Aim of the task:
Using only the entries below, copy exactly the lines that begin at the one with "证券之星消息,截至2025年" and end at the one with "3- منه أيمن", both included. Drop the pictures.

Provided material:

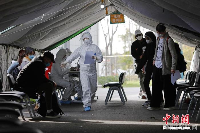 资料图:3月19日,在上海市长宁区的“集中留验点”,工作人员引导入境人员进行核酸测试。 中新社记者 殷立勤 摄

--

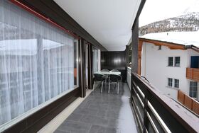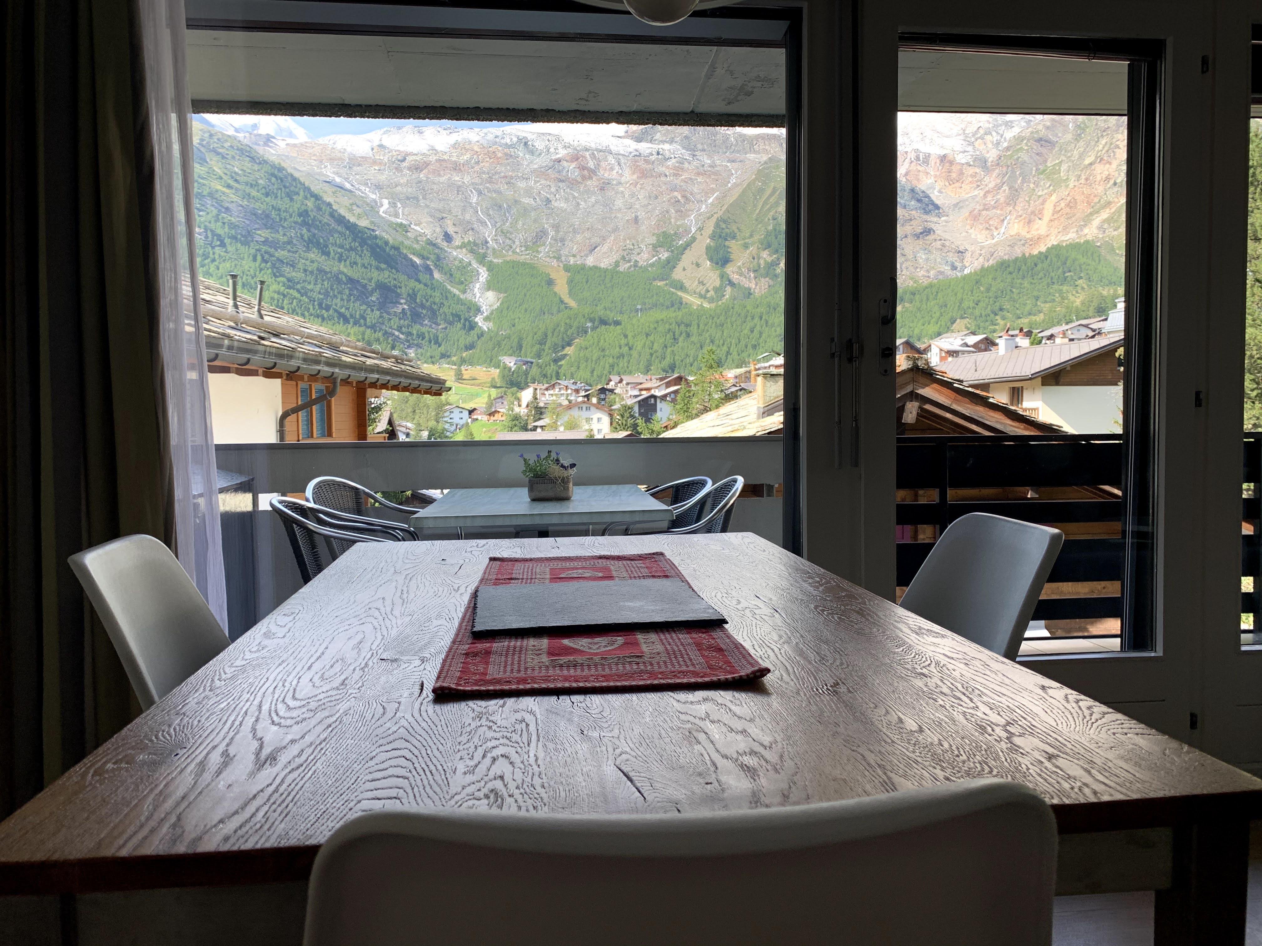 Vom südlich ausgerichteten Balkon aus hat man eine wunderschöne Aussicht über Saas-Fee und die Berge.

* * *

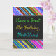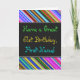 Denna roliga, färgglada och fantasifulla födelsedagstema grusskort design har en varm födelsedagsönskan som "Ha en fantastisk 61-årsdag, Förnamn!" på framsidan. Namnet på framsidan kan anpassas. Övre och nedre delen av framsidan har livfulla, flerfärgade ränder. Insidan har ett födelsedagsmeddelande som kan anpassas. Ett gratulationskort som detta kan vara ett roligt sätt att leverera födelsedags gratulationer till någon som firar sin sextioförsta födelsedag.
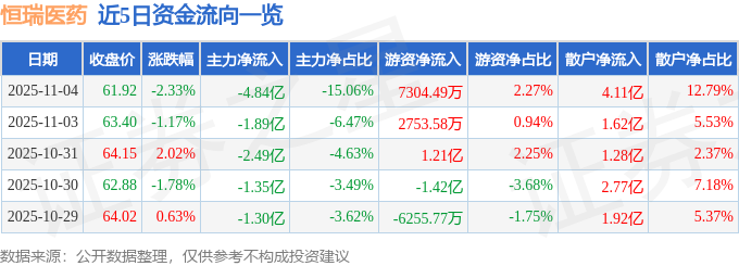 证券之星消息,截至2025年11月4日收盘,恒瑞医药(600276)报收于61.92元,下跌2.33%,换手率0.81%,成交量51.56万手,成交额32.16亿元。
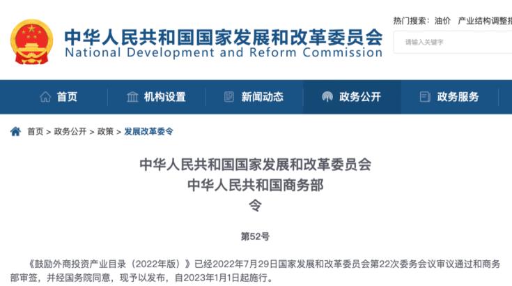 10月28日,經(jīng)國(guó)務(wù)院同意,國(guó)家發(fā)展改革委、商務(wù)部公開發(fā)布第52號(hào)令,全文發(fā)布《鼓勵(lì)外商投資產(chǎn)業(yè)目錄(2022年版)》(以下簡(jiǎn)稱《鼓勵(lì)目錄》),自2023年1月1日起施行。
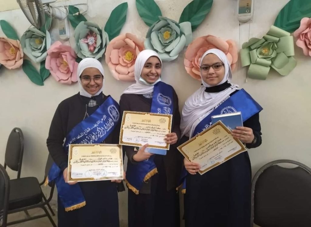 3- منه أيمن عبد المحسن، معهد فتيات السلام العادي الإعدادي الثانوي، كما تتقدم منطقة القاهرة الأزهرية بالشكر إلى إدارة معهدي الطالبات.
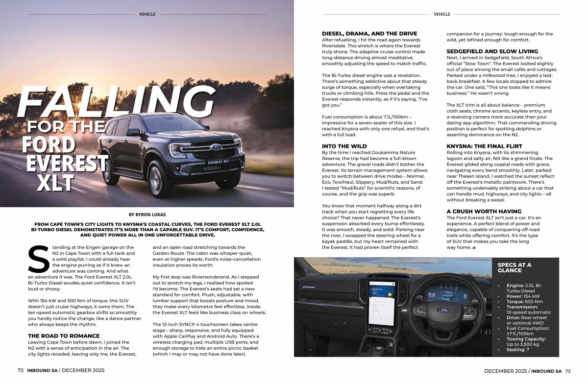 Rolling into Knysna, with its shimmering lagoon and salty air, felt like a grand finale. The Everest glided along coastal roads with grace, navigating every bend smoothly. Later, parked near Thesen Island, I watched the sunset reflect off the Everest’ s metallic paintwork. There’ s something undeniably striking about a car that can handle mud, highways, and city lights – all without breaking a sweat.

Result for this exercise:
 证券之星消息,截至2025年11月4日收盘,恒瑞医药(600276)报收于61.92元,下跌2.33%,换手率0.81%,成交量51.56万手,成交额32.16亿元。
 10月28日,經(jīng)國(guó)務(wù)院同意,國(guó)家發(fā)展改革委、商務(wù)部公開發(fā)布第52號(hào)令,全文發(fā)布《鼓勵(lì)外商投資產(chǎn)業(yè)目錄(2022年版)》(以下簡(jiǎn)稱《鼓勵(lì)目錄》),自2023年1月1日起施行。
 3- منه أيمن عبد المحسن، معهد فتيات السلام العادي الإعدادي الثانوي، كما تتقدم منطقة القاهرة الأزهرية بالشكر إلى إدارة معهدي الطالبات.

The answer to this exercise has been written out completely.